*** Task input ***

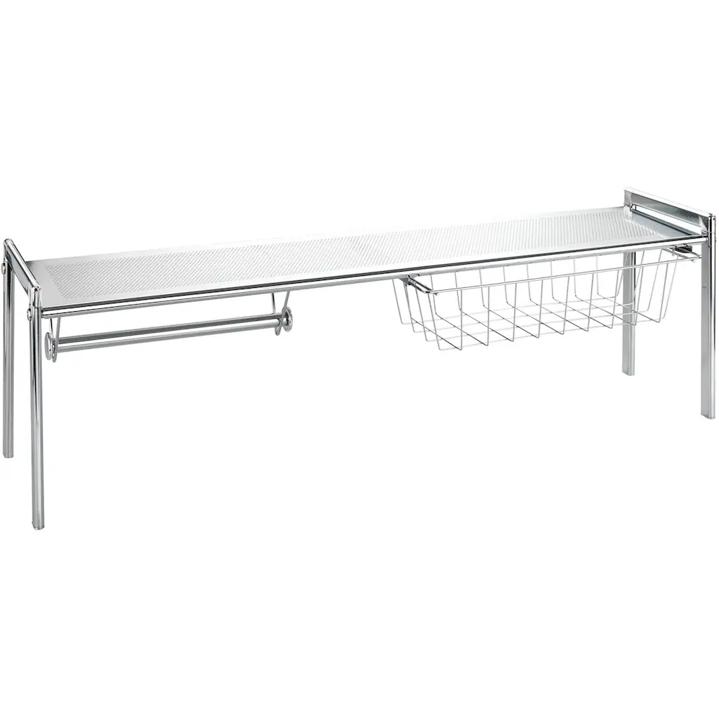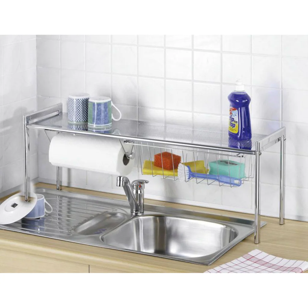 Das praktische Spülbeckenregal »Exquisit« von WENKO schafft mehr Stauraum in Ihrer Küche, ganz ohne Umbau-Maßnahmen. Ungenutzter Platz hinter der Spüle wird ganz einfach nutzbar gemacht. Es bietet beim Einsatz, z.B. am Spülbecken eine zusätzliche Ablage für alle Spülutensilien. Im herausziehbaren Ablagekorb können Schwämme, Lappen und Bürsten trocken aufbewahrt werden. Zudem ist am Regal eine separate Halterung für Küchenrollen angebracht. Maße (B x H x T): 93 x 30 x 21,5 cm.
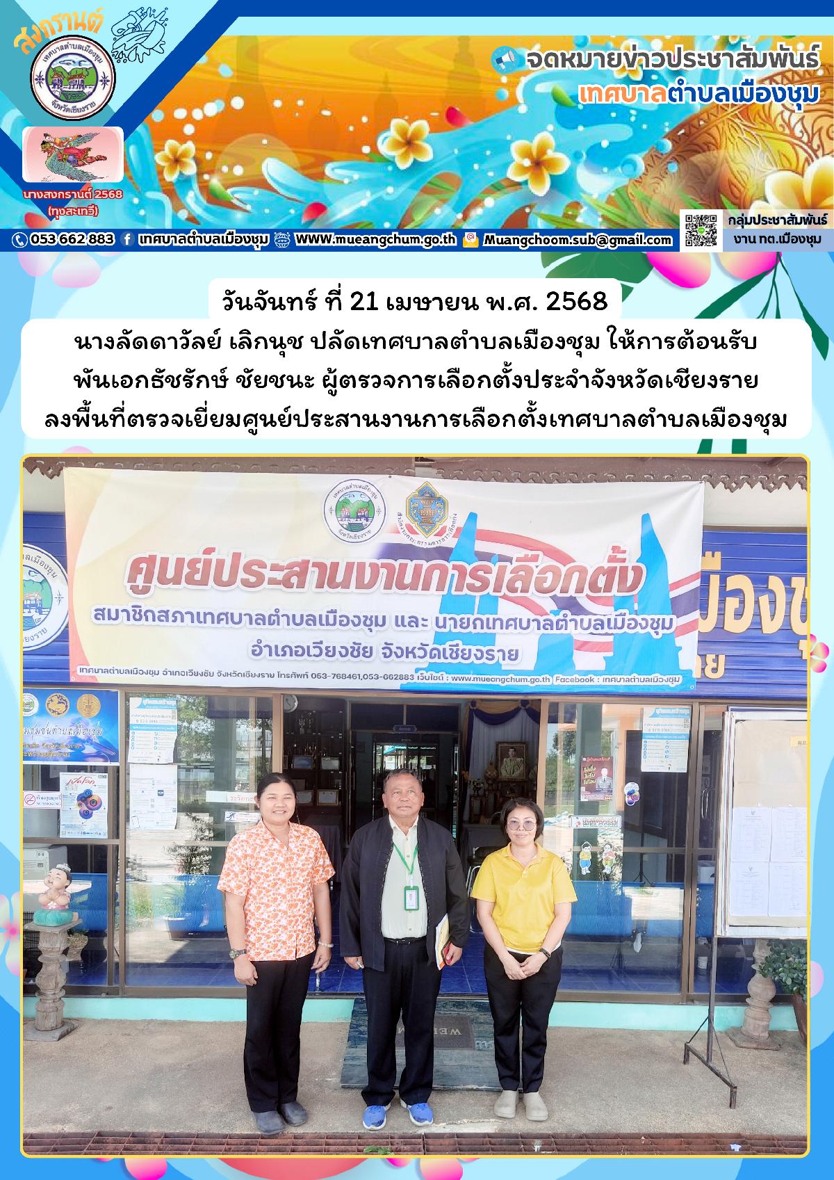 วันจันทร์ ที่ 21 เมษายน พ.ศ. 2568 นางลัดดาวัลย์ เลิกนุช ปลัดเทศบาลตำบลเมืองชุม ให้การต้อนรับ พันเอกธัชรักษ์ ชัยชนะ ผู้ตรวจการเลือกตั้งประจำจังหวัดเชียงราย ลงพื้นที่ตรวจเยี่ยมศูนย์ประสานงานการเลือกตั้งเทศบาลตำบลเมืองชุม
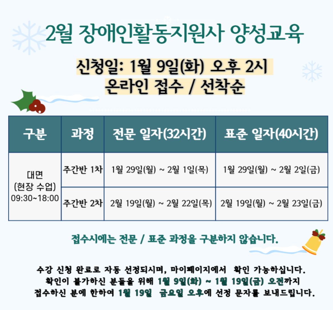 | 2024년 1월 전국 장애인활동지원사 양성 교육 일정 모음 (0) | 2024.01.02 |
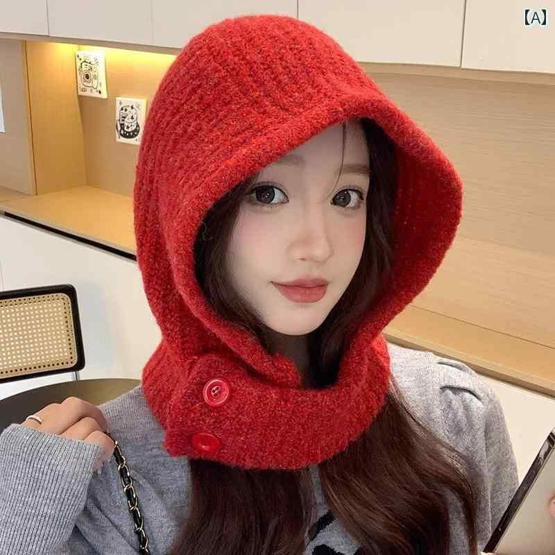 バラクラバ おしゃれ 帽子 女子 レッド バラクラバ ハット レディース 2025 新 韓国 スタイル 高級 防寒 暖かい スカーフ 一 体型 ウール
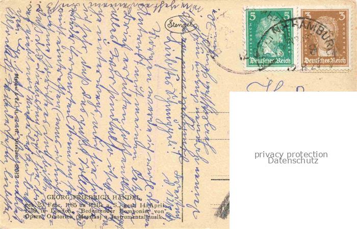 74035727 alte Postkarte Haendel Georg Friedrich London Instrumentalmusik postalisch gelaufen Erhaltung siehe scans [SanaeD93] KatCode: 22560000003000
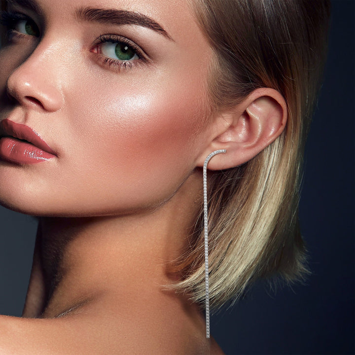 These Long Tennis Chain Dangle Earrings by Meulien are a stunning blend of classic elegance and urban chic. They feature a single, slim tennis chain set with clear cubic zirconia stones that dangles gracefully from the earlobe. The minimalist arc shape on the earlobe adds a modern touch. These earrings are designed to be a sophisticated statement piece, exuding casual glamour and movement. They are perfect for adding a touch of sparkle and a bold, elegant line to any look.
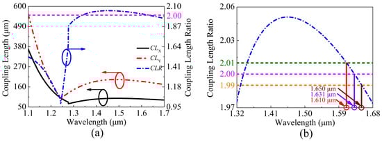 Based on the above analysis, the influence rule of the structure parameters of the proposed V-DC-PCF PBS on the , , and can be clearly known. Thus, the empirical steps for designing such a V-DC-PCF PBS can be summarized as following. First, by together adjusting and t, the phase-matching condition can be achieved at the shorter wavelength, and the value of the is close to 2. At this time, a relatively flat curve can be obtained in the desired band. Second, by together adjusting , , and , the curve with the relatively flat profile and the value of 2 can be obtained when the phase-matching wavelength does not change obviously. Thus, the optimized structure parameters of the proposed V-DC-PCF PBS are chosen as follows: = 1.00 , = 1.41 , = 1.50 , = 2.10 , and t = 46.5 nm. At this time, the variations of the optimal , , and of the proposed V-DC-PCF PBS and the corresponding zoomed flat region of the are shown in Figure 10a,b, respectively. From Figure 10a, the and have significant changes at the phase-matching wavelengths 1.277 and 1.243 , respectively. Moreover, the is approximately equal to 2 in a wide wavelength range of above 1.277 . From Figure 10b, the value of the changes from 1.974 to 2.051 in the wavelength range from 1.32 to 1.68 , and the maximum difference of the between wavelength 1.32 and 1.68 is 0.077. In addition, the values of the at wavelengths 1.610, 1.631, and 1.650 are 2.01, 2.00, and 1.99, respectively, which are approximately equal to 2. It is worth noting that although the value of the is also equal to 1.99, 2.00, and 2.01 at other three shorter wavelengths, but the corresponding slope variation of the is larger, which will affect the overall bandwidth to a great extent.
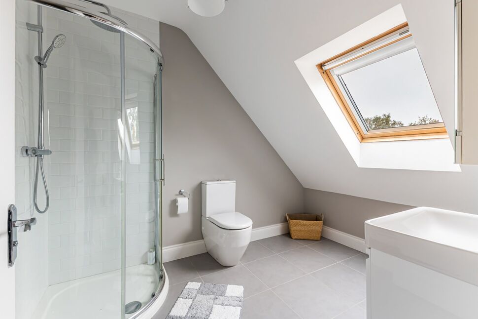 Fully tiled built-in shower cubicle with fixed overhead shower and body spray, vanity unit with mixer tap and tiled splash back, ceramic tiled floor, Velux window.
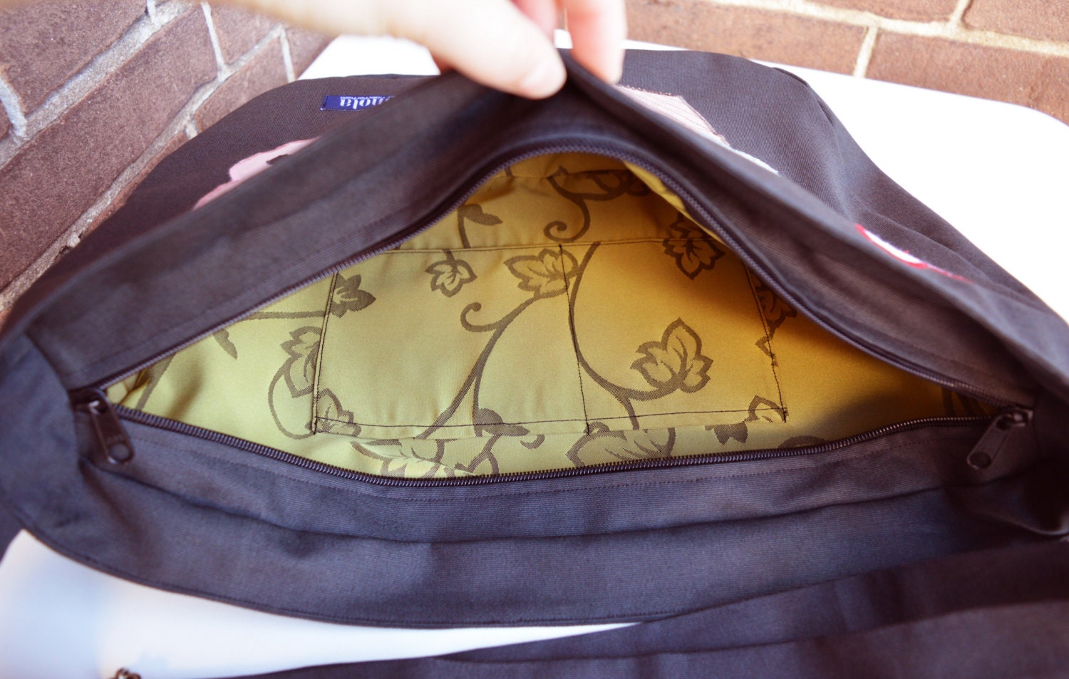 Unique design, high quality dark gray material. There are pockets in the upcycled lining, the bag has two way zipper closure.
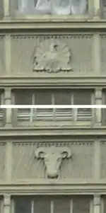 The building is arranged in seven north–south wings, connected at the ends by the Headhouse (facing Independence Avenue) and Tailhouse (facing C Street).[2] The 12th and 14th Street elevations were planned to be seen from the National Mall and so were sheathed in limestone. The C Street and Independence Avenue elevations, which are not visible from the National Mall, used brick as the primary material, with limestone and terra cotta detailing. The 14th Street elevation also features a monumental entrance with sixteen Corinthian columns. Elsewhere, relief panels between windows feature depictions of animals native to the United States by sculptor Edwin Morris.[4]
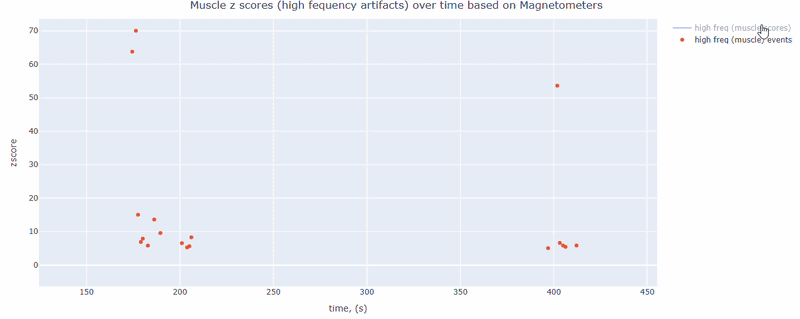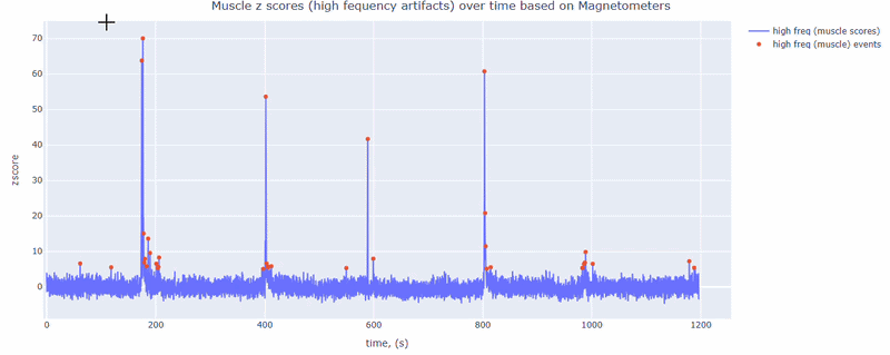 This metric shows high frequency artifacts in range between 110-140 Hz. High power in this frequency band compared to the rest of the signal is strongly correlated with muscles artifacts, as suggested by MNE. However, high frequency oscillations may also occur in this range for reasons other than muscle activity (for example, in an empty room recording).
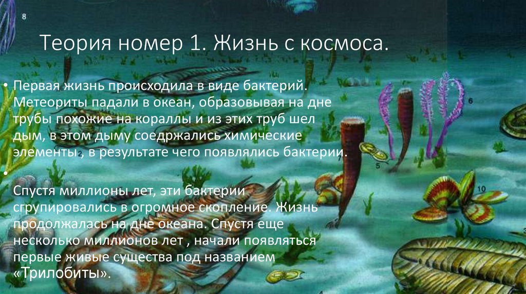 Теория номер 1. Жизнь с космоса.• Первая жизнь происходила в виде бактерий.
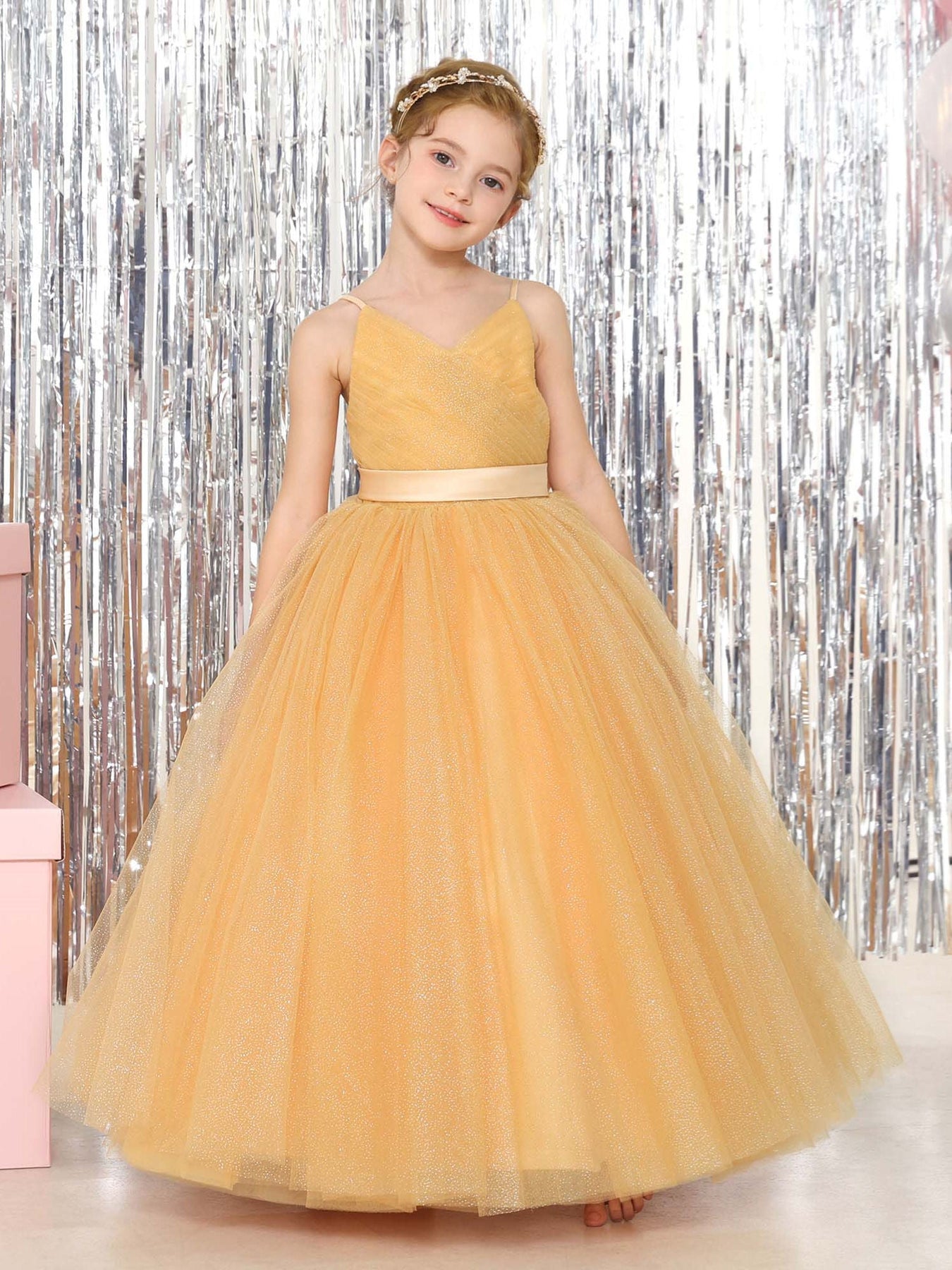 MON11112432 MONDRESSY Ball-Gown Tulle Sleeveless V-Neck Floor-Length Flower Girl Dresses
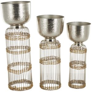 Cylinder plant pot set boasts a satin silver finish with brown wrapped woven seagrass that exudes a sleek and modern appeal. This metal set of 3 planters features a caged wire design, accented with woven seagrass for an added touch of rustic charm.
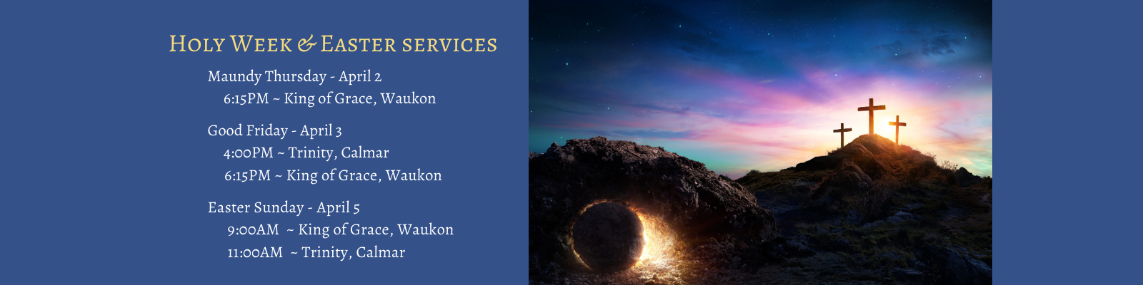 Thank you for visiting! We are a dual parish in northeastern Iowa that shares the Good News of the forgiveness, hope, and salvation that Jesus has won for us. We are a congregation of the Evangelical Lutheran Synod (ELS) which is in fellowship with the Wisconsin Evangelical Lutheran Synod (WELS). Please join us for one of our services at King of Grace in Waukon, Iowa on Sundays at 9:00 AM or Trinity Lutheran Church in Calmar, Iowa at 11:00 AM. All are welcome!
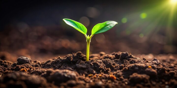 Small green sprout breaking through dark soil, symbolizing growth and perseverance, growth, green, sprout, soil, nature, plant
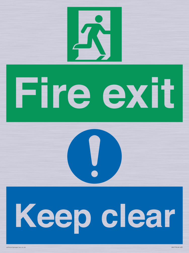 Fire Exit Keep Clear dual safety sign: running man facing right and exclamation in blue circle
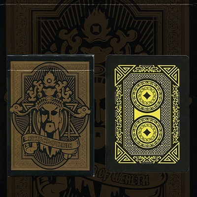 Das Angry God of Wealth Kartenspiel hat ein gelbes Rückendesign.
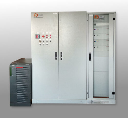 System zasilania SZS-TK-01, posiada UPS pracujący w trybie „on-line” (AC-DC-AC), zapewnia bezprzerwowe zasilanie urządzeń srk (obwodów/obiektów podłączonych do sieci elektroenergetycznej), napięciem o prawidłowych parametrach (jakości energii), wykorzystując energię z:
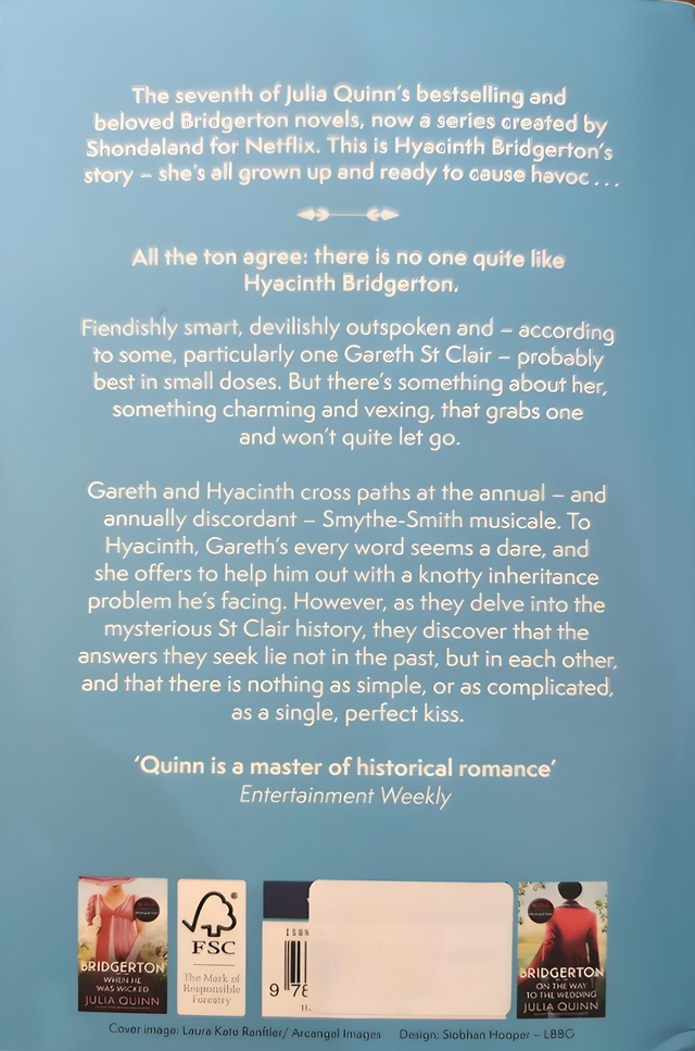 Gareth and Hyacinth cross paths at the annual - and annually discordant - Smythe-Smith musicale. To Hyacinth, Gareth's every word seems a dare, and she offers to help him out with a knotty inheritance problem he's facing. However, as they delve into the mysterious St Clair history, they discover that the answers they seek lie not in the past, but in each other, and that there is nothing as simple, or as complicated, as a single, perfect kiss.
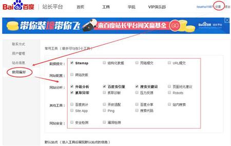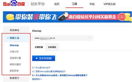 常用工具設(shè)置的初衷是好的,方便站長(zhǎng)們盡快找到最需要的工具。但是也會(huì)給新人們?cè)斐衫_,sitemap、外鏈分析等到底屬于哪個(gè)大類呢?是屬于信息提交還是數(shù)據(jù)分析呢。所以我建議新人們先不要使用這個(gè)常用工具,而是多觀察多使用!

*** End of Task input ***

### Goal of the exercise:
Only the lines between the one with "Fire Exit Keep" and the one with "Das Angry God", those two included, get copied from the material above. Keep it exact and free of pictures.

### Result below:
 Fire Exit Keep Clear dual safety sign: running man facing right and exclamation in blue circle
 Das Angry God of Wealth Kartenspiel hat ein gelbes Rückendesign.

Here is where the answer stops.